Mr. Sirowitz graduated in 1953 from Pratt Institute with a degree in advertising. He spent the next two years in the Army, mostly at Fort Dix, New Jersey, and married Miss Florman during his tour of duty in January 1955. She survives, along with his daughter. a son, Michael; and a grandson.
After his discharge from the military, Mr. Sirowitz worked at the pharmaceutical advertising agency LW Frohlich as well as Gray Advertising, CBS and Channel 13, New York’s public television station.
As well as working for DDB’s commercial clients such as Sony, where Mr Sirowitz created a whimsical campaign based on the portability of its four-inch wide TV, he also took up political causes as a volunteer.
A 1965 full-page newspaper ad for the National Committee for a Sound Nuclear Policy featured a cockroach on a white background with the headline: “The Winner of World War III.”
Another ad in 1968, for the Coalition for a Democratic Alternative, carried, in huge letters, the headline “For what?” Underneath it, text by Dave Reider, a columnist, described the hopelessness of the Vietnam War, called for President Lyndon B. Johnson to resign, and argued that Senator Eugene McCarthy of Minnesota is the Democratic nominee for president.
Mr. Sirowitz was DDB’s senior vice president and associate creative director when he left in 1970 to start his own agency, Harper Rosenfeld Sirowitz as co-president and co-creative director. (He was renamed several times over the years.) By then he had been voted Art Director of the Year for 1968 and 1970 in national polls by Ad Weekly. He was inducted into the Art Directors Club Hall of Fame in 1985.
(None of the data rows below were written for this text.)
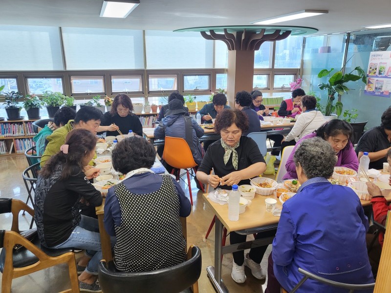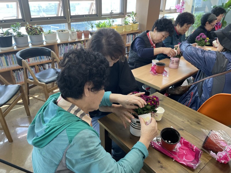 오늘은 웃음치료 레크레이션을 통해 왁자지껄 웃고 떠들며 활력을 얻고, 나만의 화분 만들기를 통해 예쁜 국화 화분을 만들고, 함께 점심으로 맛있는 회덮밥을 나눠먹으며 몰랐던 이웃들과 만나는 즐거운 시간을 가졌습니다.
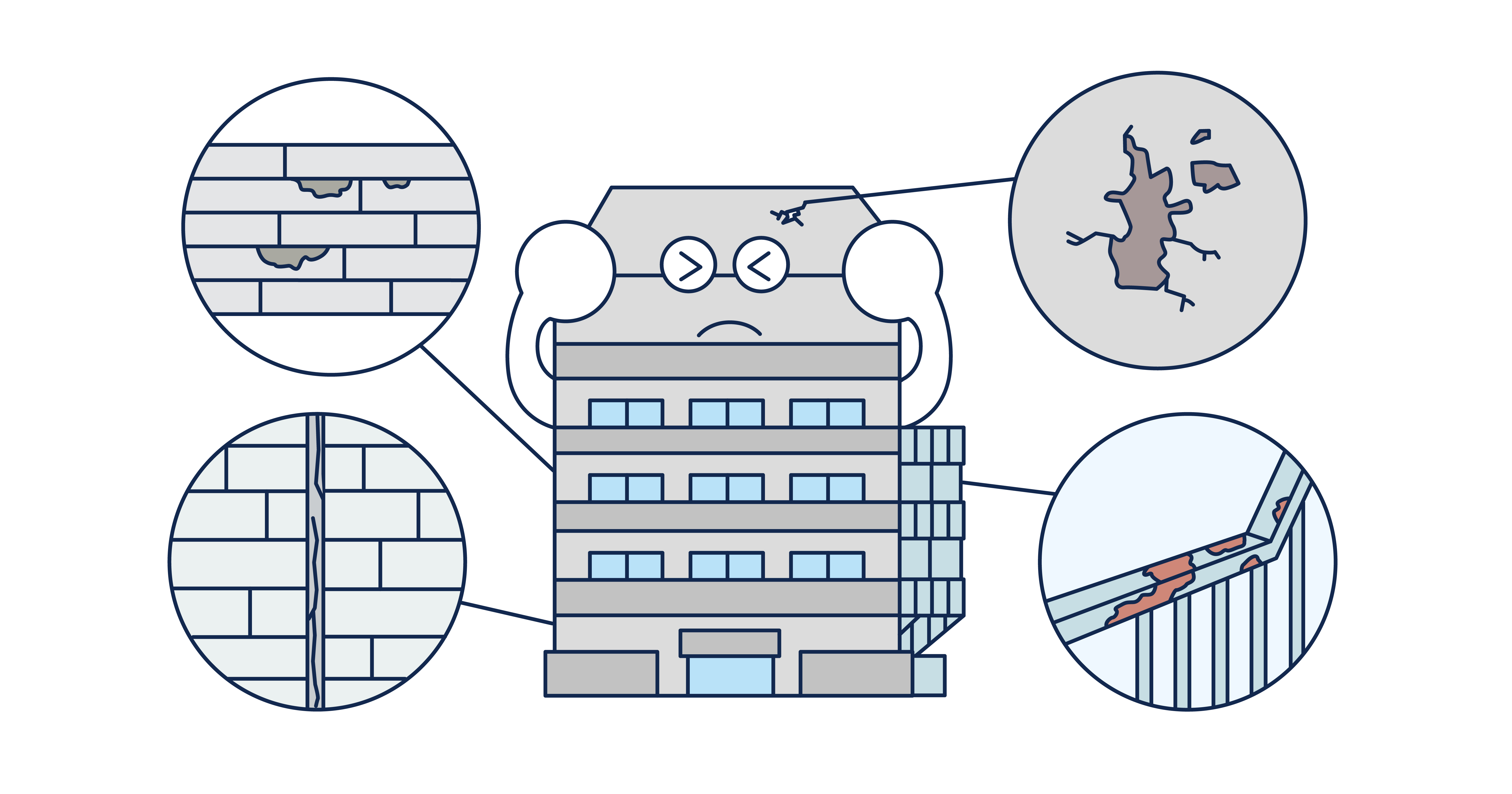 一方で、構造部のコンクリート躯体(くたい)そのものの補修は25〜40年が目安とされており、毎回の大規模修繕で抜本的なメンテナンスを行う必要はありません 。ただし、表面のひび割れ(クラック)や欠損などは、放置すると内部の鉄筋を錆びさせ、建物の寿命を縮める原因となります。そのため、大掛かりな補修は不要でも、毎回の大規模修繕時に必ず点検を行い、必要に応じて部分的な補修を施すのが一般的です。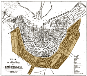 アムステルダムの繁栄に陰りが見え始めた18~19世紀には公衆衛生や住宅事情が悪化し、都市環境問題が深刻化となりました。そこで旧市街の外側への都市拡張計画が進み、手始めとしてファン・ニッフトリック案が持ち上がりました。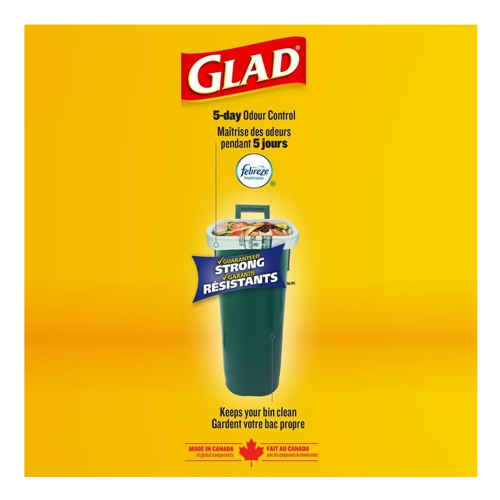 Glad® Certified Compostable Fresh Lemon Scent bags keep your compost bin clean and your kitchen smelling fresh. OdourShield technology continuously neutralizes food odours and keeps your home smelling fresh with a pleasant lemon scent. Glad Compost bags meet the requirements of municipal compost programs, ASTM D6400 standards and are certified compostable by the industry standards authority, BPI and BNQ. Glad® Compost Bags will compost completely, quickly, and safely in a municipal composting facility just like paper, yard trimmings, and food scraps. GLAD. Guaranteed Strong.
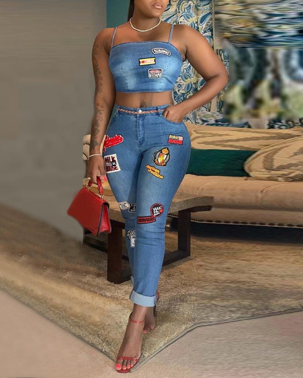 Patched Denim Cami Top High Waist Jeans Set Online Discover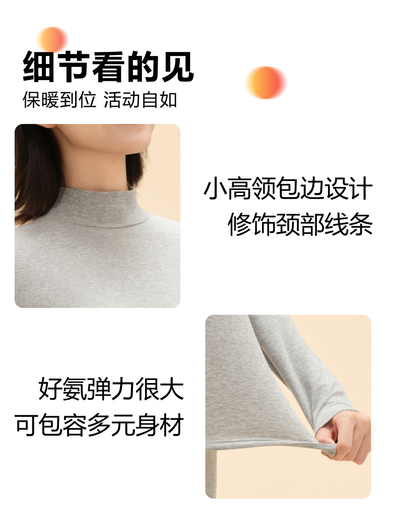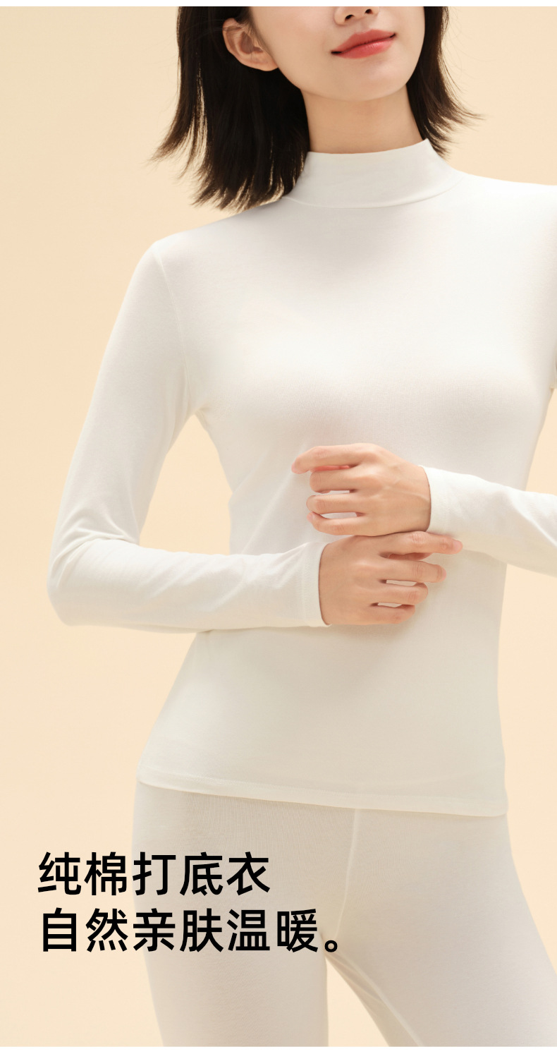 纯棉舒绒秋衣打底衫女士秋冬半高领内搭单件保暖内衣全棉毛衫发热

His agency clients included Swissair, McDonald’s, Smith Corona and Royal Caribbean Cruises. However, in 1995, the firm closed after losing several accounts, and Mr. Sirowitz joined the agency Ryan Drossman & Partners as a vice president.
He soon retired and returned to the Art Students League, where he painted large-scale nude portraits four days a week.
“I strive for bold, dramatic interpretations of the model’s pose, drawn with spontaneous sweeping lines, and most importantly it must be part of a strong, well-designed composition,” he told the foundation’s magazine, Lines from the League, in 2012. -13 issue.
His compositional style was evident in his advertising campaigns, including one in 1991 for America West Airlines, in which he played improvisational comedian Jonathan Winters—appearing tough and wearing camouflage—in a parody of General H. Norman Schwarzkopf, who had recently commanded American troops in the Gulf War.
The ad stated “Announcing Air Superiority for Civilians” and offered up to 40 percent off airline tickets.
The campaign, however, was criticized by the Veterans of Foreign Wars organization for being in bad taste, and America West soon after filed for Chapter 11 bankruptcy protection.
“To me, great advertising should make your palms sweat,” Mr. Sirowitz told The Associated Press. “America West is the smallest of the major airlines. We wanted to do the kind of advertising that would put them on the map in one fell swoop.”